In my statistical inference course exercise guide, I am confronted with the following problem:
Let $0<\theta<1/2$, and define the sequence $\{X_n\}_{n\in\mathbb{N}}$ of discrete independent random variables as follows: $X_n$ takes the values $n^{\theta}$ and $-n^{\theta}$ with probabilities $P(X_n=n^{\theta})=1/2=P(X_n=-n^{\theta})$. Show that $$\frac{1}{n}\sum_{k=1}^{n}X_k \to 0$$ almost surely.

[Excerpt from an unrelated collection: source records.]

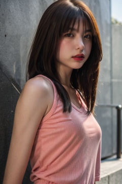 masterpiece, highest quality, extreme quality, Magenta clothes, street, upper body , babebiiie, glamour shot, seductive face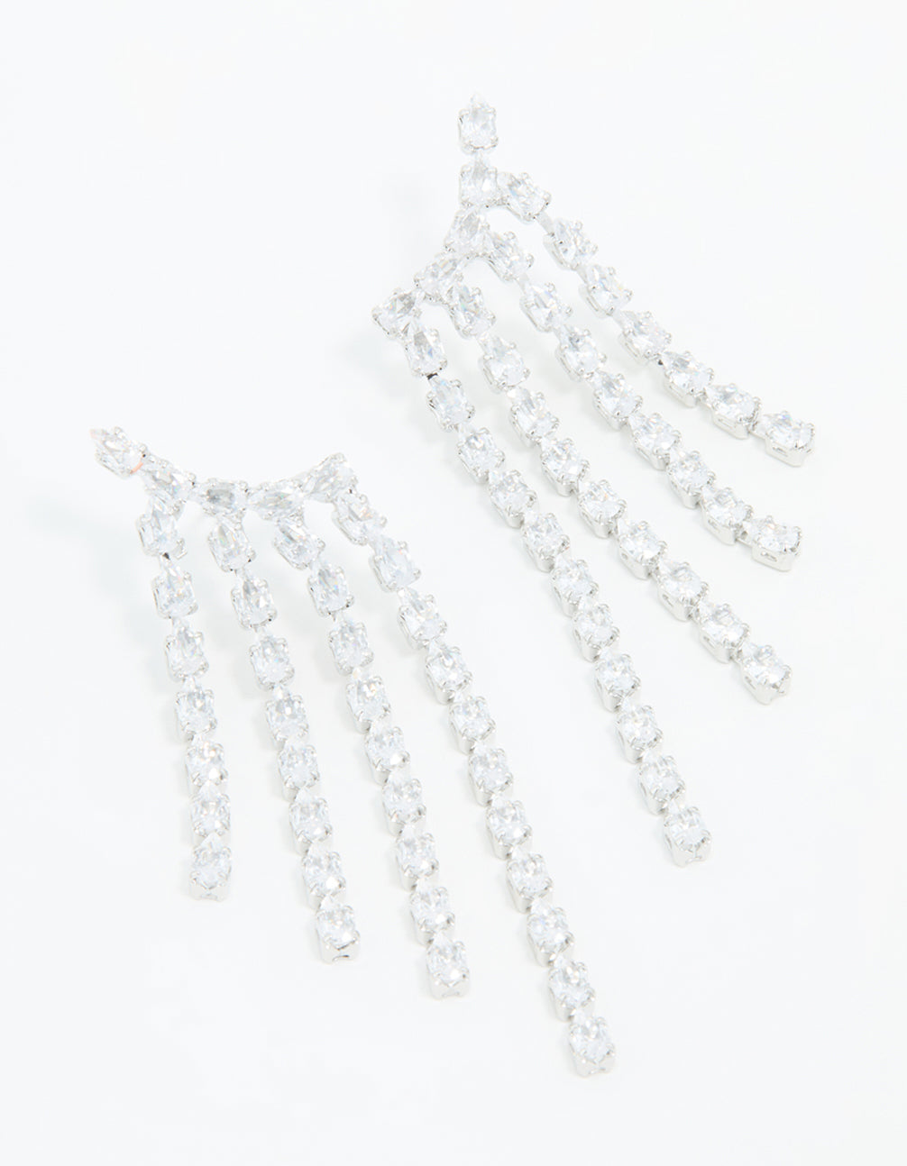 Shine bright with these stunning silver-toned cubic zirconia drop earrings! Their long pear drop design adds the perfect touch of sparkle.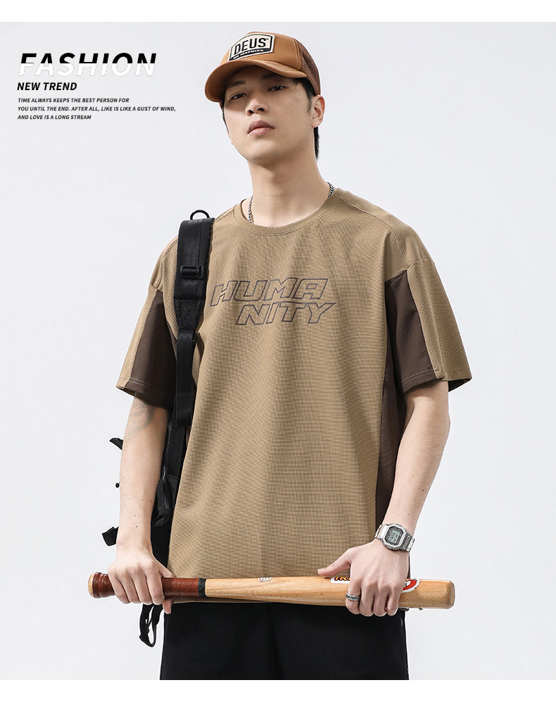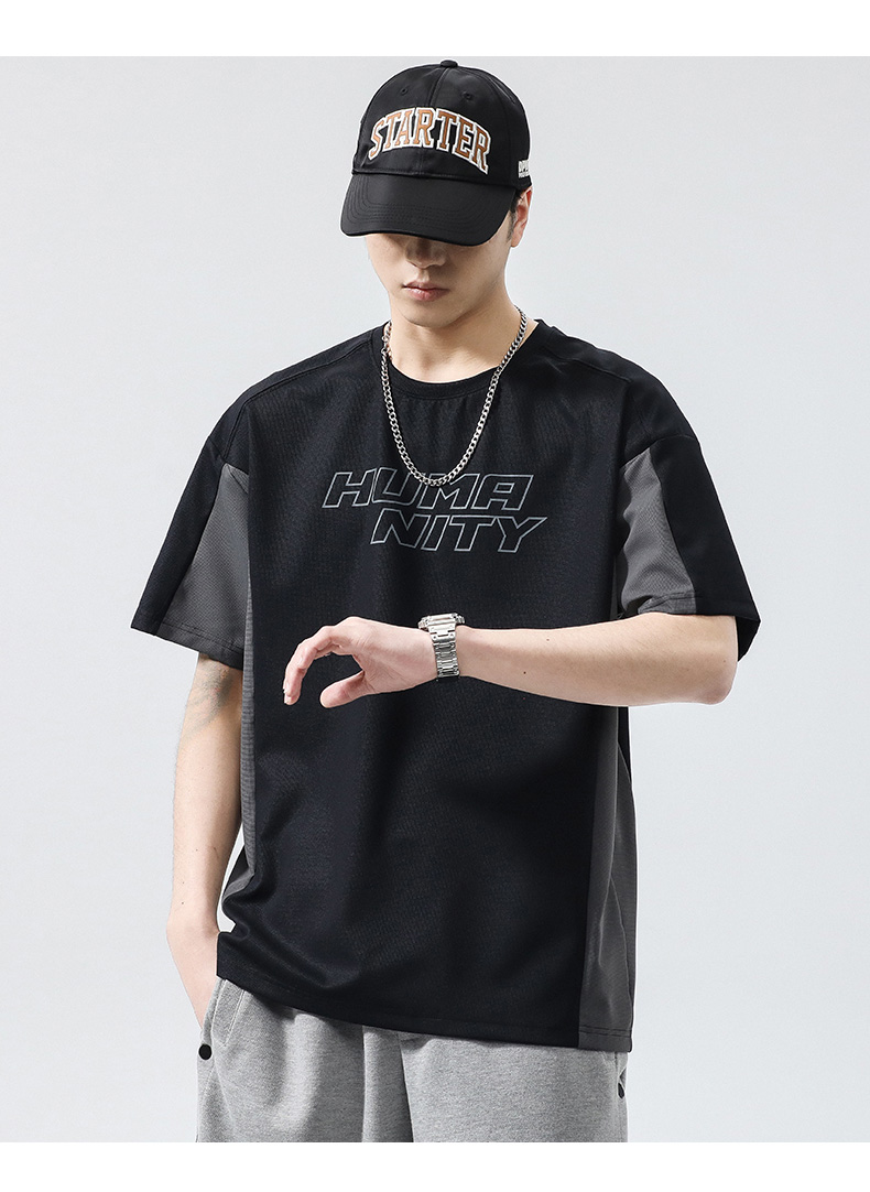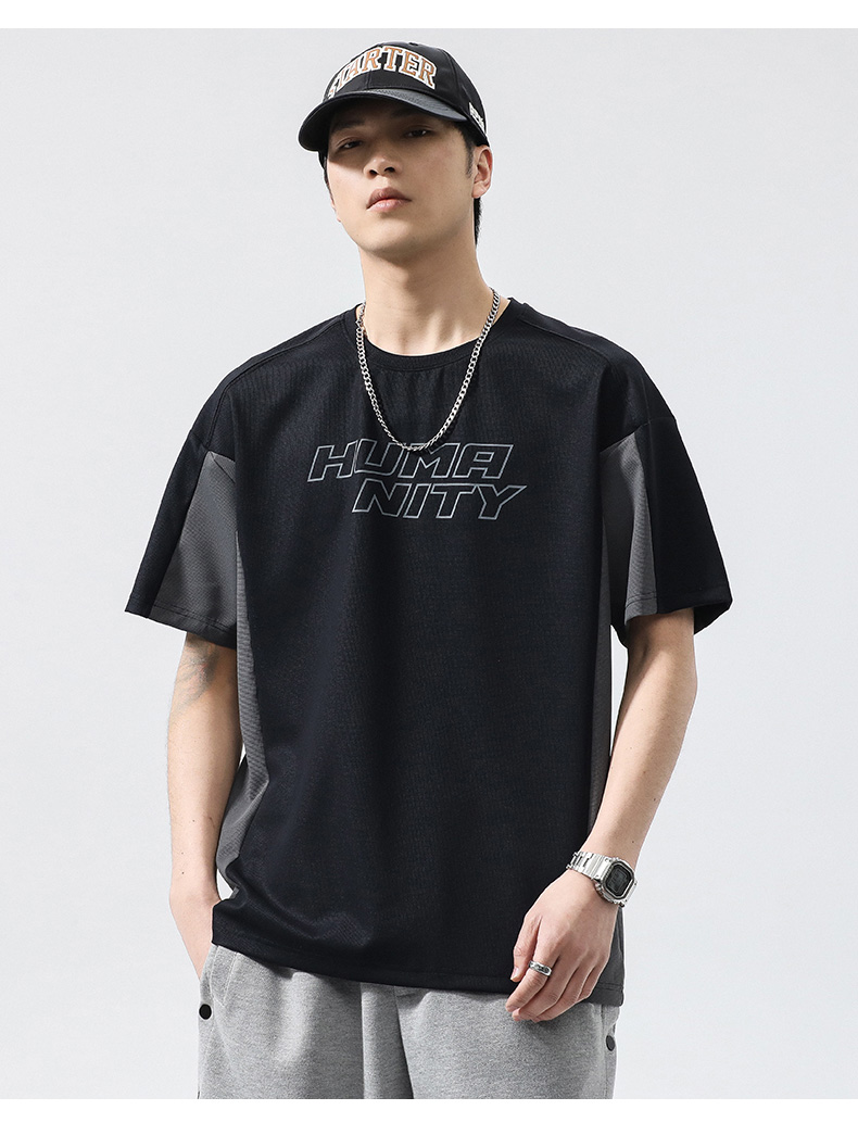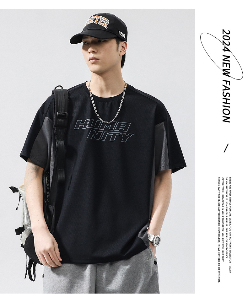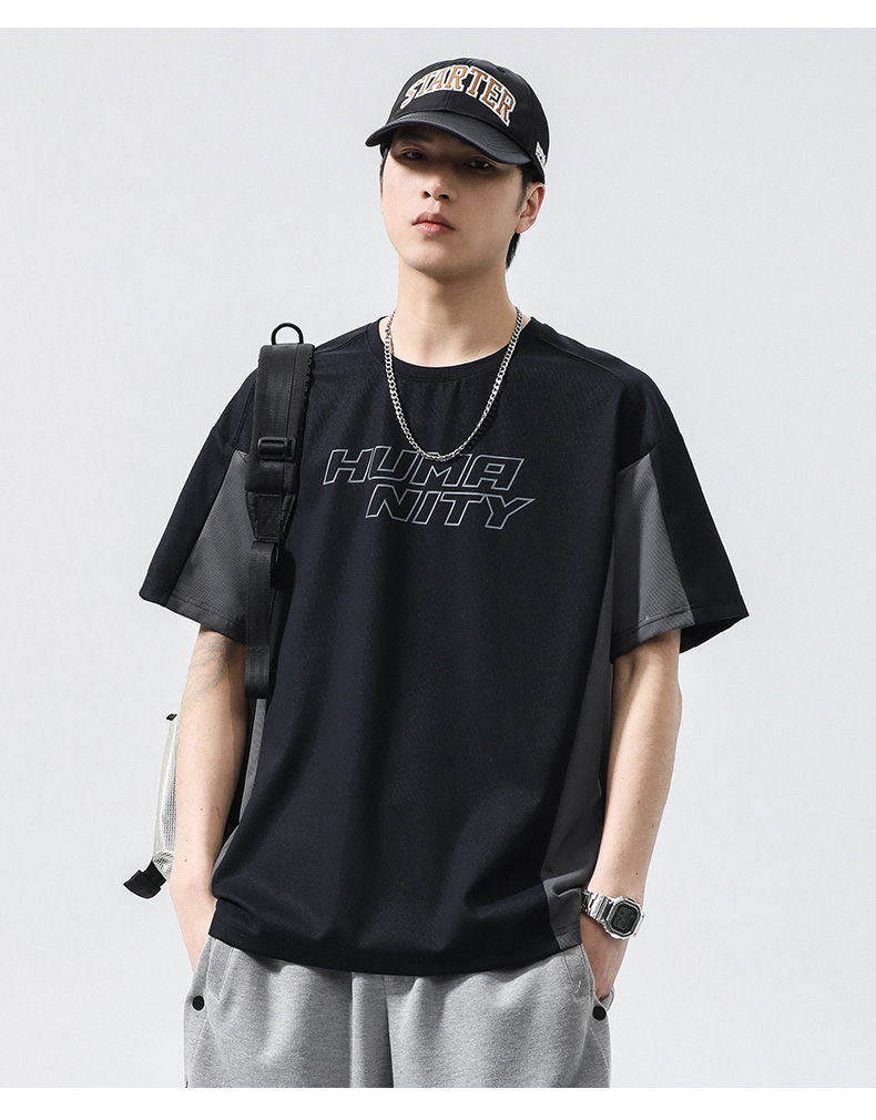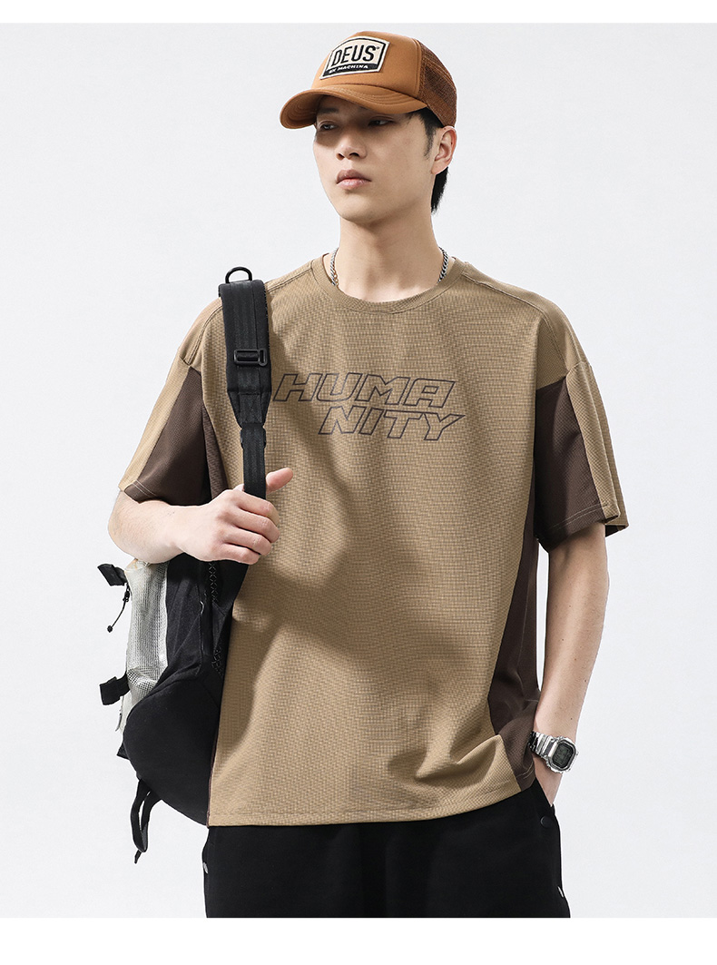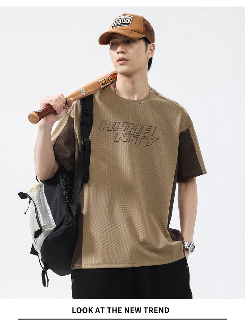 【冰丝高弹】【新款DQ】大依优型大码短袖T恤圆领拼接加肥加大男士大号弹力透气舒适半袖夏装潮款

My attempt: I try to use the Borel-Cantelli lemma. If $\overline{X}_n$ denotes the average of the first $n$ variables, it would suffice to show that for every $\epsilon >0$ it holds that $$\sum_{n=1}^{\infty}P(|{\overline{X}_n}| \geq \epsilon) < \infty \tag{1}$$ A quick computation tells us that for each $n$, we have $E[X_n] = 0$ and $\operatorname{Var}(X_n) = n^{2\theta}$, which implies $E[\overline{X}_n]=0$ and $$\operatorname{Var}(\overline{X}_n) = \frac{1}{n^2}\sum_{k=1}^{n}\operatorname{Var}(X_k) = \frac{1}{n^2}\sum_{k=1}^{n}k^{2\theta} \tag{2}$$ If we use Chebyshev's inequality, plugging $(2)$ into $(1)$ would yield $$\sum_{n=1}^{\infty}P(|{\overline{X}_n}| \geq \epsilon) \leq \sum_{n=1}^{\infty}\frac{1}{\epsilon^2}\operatorname{Var}(\overline{X}_n) \leq \sum_{n=1}^{\infty}\frac{1}{\epsilon^2}\frac{1}{n^2}\sum_{k=1}^{n}k^{2\theta}$$ The last term of the previous inequality seems quite divergent. Any suggestions?